DECONSTRUCTED: Battle for brides

Readers of this June issue of PERE will notice how there is a bias towards coverage of wealthy individuals and their activities. Within these pages, you can find various reports, highlighting the reasons why the wealthy are so in love with the real estate asset class and how they are investing.

Explanations range from liking something that can be seen and felt, and enjoying the yield, to diversification, wealth preservation, status, and non-correlation to other asset classes such as equities. However, when it comes to wealthy Chinese entrepreneurs, perhaps everyone has missed the point.

For PERE has unearthed an article from September 2012 written by freelance journalist Roseann Lake who has just returned from China after five years in the country.

In an article entitled ‘Bachelor Padding’ she has come up with a novel yet potentially correct analysis that makes a connection between lonely single men and the overseas outpouring of investment and even the creation of a dangerous real estate bubble.
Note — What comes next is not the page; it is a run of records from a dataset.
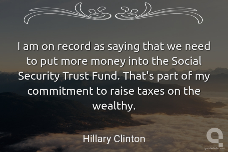 I am on record as saying that we need to put more money into the Social Security Trust Fund. That's part of my commitment to raise taxes on the wealthy.
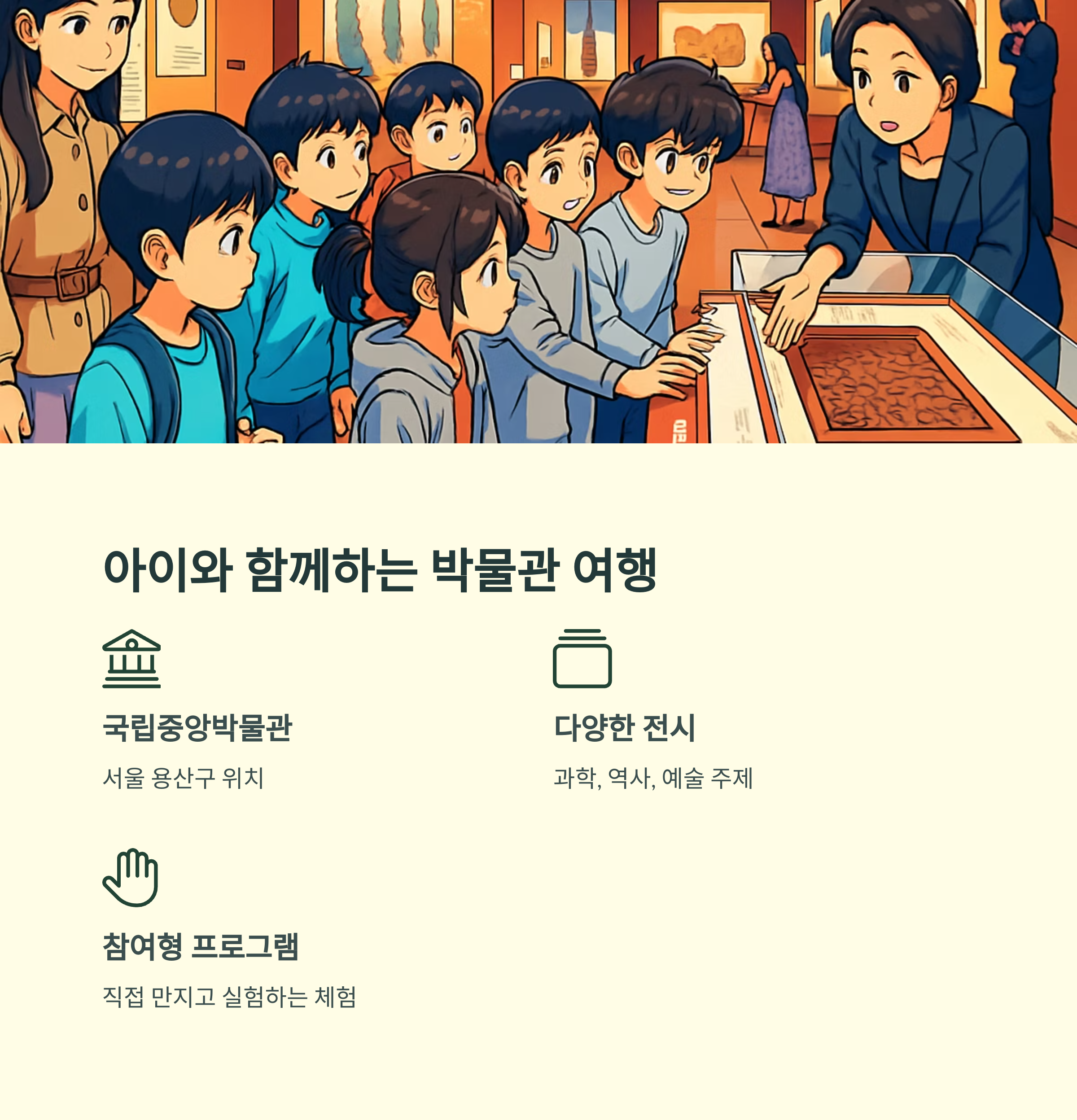 과학, 역사, 예술 등 다양한 주제의 전시와 함께 참여형 프로그램이 운영되어 아이의 호기심을 자극합니다.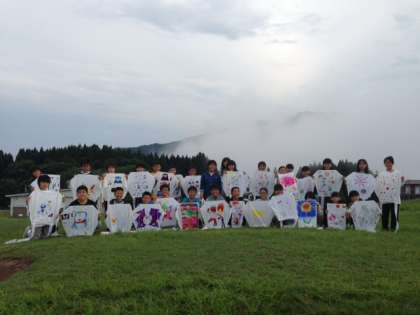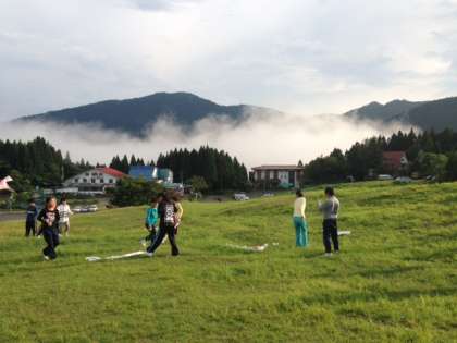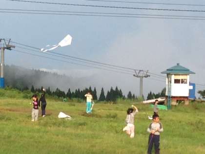 雨があがったので、学校で作ってきた凧を高原で揚げました。高原を元気に走り、がんばっていましたが、ちょっと風が弱く高く上がったとはいえませんでした。でも、おいしい空気の中でしっかり走り回った子どもたちの顔は満足そうでした。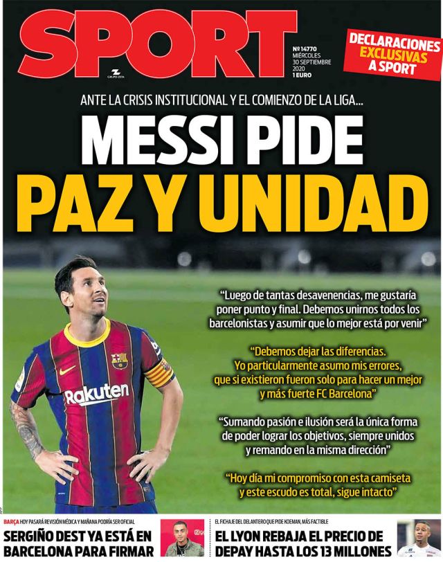בראיון נרחב ל"ספורט" אמר מסי: "אחרי כל כך הרבה חילוקי דעות, אני רוצה לשים לזה סוף. כל אוהדי בארסה חייבים להתאחד ולהניח שהטוב ביותר עוד יבוא. מה שהיה – היה, הקבוצה הזו תיתן את הכל כדי לשמח את הקהל ולזכות בתארים".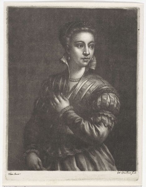 Editor: This is an X-radiograph of "Mrs. Benjamin Carpenter" by John Durand. It's fascinating to see beneath the surface of the painting. What do you notice about the composition and structure that the X-ray reveals? Curator: The monochrome tonality accentuates the linear elements, highlighting the artist's deliberate construction of form. The X-ray reveals the density and application of paint, allowing us to analyze Durand's technique beyond the visible surface. Note the patterns of brushstrokes and the underlayers—what do they suggest about his working method? Editor: It seems like there are some distinct layers; maybe areas he reworked? This view offers such a unique perspective. Curator: Precisely. The formal qualities exposed by the X-ray invite a deeper inquiry into artistic process. We can see the artist's hand in a completely new way. Editor: I've certainly learned a lot about looking at art from the inside out. Thanks! Curator: Indeed. A renewed appreciation for the artistry in its rawest form.

Within the article, there is plenty of data to back an argument up that China’s one-child policy left men with a very competitive field when it comes to girls. After all, there is said to be a gaping gender imbalance of 120 boys for every 100 girls.

It is also said that by 2020, 15 percent or one-in-six men of marriageable age will be unable to find a bride, something that is already occurring in Taiwan and South Korea – two other countries where overseas property investment is on the agenda. Mathematically, many men cannot get married and will be consigned to the singleton scrapheap. And here is the real problem: the mothers of potential brides are forbidding their daughters from marrying any man who is not a homeowner.

This in turn is pushing property prices up, helping those that have made investments in the first place to become very rich and eventually to buy real estate overseas.

So you see, the global trend of Asian high net worths and family offices competing against institutions for prime property assets in Europe and the US has nothing to do with the reasons highlighted elsewhere in these pages and all to do with the battle for brides.